▸ Task to complete: Would you return each record that follows word for word, without its pictures?

[Records from a data collection]
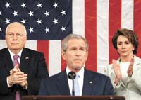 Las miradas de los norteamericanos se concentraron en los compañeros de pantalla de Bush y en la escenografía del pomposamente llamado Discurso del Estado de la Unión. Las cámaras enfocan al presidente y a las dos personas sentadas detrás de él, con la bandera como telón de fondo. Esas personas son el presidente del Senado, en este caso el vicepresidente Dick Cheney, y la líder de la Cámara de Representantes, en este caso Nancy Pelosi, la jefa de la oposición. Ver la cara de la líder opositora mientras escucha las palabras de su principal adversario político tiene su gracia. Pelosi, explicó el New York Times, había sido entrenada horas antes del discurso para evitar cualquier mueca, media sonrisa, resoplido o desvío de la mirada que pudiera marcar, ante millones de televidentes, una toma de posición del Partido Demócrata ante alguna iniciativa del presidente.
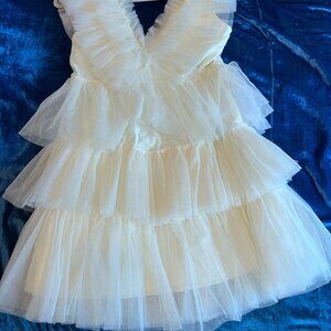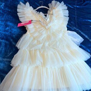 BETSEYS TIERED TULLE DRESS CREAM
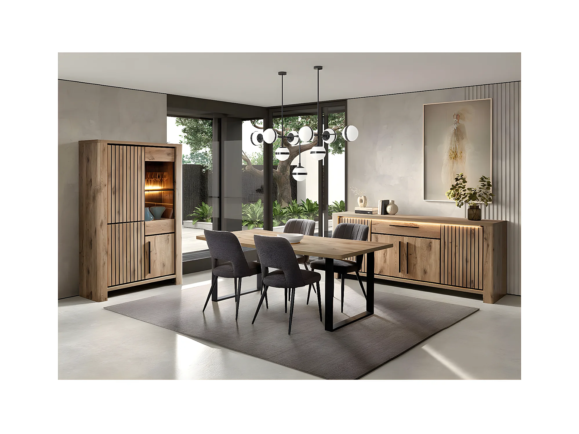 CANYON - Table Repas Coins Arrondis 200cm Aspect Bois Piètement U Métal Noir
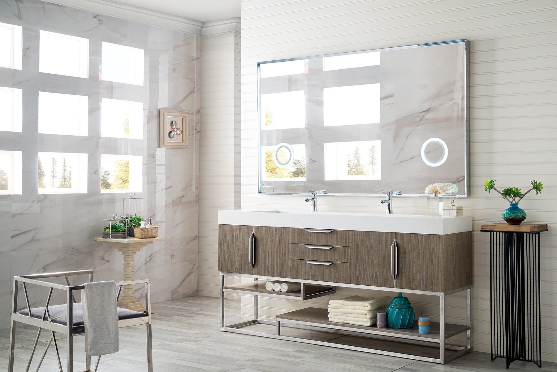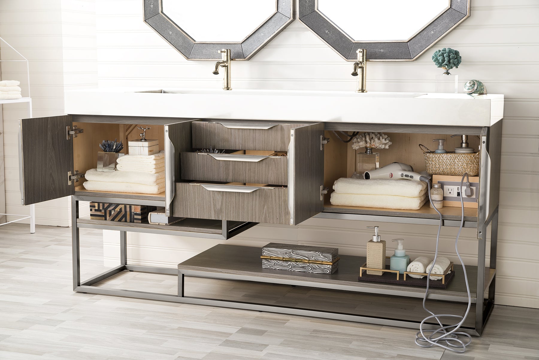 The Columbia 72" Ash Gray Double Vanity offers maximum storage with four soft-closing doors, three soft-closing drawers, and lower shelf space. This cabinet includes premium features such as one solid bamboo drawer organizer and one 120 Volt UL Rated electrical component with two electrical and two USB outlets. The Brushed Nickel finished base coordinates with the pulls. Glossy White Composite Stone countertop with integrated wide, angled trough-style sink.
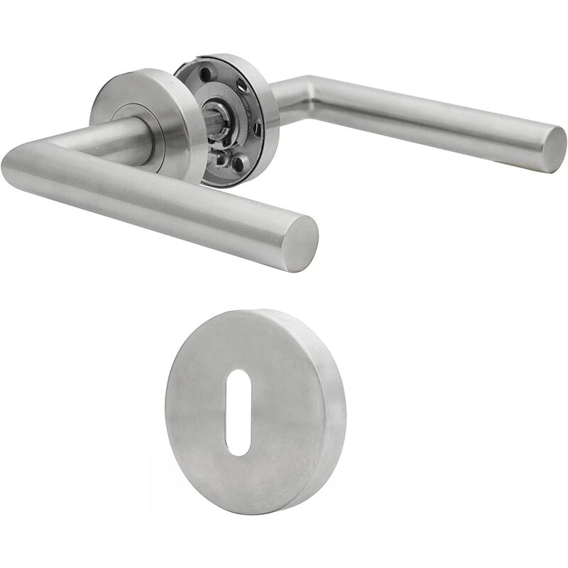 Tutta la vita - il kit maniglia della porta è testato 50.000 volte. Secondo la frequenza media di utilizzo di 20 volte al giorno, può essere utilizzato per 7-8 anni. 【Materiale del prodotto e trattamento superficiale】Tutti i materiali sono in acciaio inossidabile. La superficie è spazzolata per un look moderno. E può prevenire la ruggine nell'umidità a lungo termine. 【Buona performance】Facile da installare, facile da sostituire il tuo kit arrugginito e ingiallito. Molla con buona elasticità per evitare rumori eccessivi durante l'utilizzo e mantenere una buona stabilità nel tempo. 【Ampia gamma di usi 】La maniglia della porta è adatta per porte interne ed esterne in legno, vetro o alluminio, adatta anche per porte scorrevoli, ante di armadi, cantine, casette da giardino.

▸ Solved problem:
 Las miradas de los norteamericanos se concentraron en los compañeros de pantalla de Bush y en la escenografía del pomposamente llamado Discurso del Estado de la Unión. Las cámaras enfocan al presidente y a las dos personas sentadas detrás de él, con la bandera como telón de fondo. Esas personas son el presidente del Senado, en este caso el vicepresidente Dick Cheney, y la líder de la Cámara de Representantes, en este caso Nancy Pelosi, la jefa de la oposición. Ver la cara de la líder opositora mientras escucha las palabras de su principal adversario político tiene su gracia. Pelosi, explicó el New York Times, había sido entrenada horas antes del discurso para evitar cualquier mueca, media sonrisa, resoplido o desvío de la mirada que pudiera marcar, ante millones de televidentes, una toma de posición del Partido Demócrata ante alguna iniciativa del presidente.
 BETSEYS TIERED TULLE DRESS CREAM
 CANYON - Table Repas Coins Arrondis 200cm Aspect Bois Piètement U Métal Noir
 The Columbia 72" Ash Gray Double Vanity offers maximum storage with four soft-closing doors, three soft-closing drawers, and lower shelf space. This cabinet includes premium features such as one solid bamboo drawer organizer and one 120 Volt UL Rated electrical component with two electrical and two USB outlets. The Brushed Nickel finished base coordinates with the pulls. Glossy White Composite Stone countertop with integrated wide, angled trough-style sink.
 Tutta la vita - il kit maniglia della porta è testato 50.000 volte. Secondo la frequenza media di utilizzo di 20 volte al giorno, può essere utilizzato per 7-8 anni. 【Materiale del prodotto e trattamento superficiale】Tutti i materiali sono in acciaio inossidabile. La superficie è spazzolata per un look moderno. E può prevenire la ruggine nell'umidità a lungo termine. 【Buona performance】Facile da installare, facile da sostituire il tuo kit arrugginito e ingiallito. Molla con buona elasticità per evitare rumori eccessivi durante l'utilizzo e mantenere una buona stabilità nel tempo. 【Ampia gamma di usi 】La maniglia della porta è adatta per porte interne ed esterne in legno, vetro o alluminio, adatta anche per porte scorrevoli, ante di armadi, cantine, casette da giardino.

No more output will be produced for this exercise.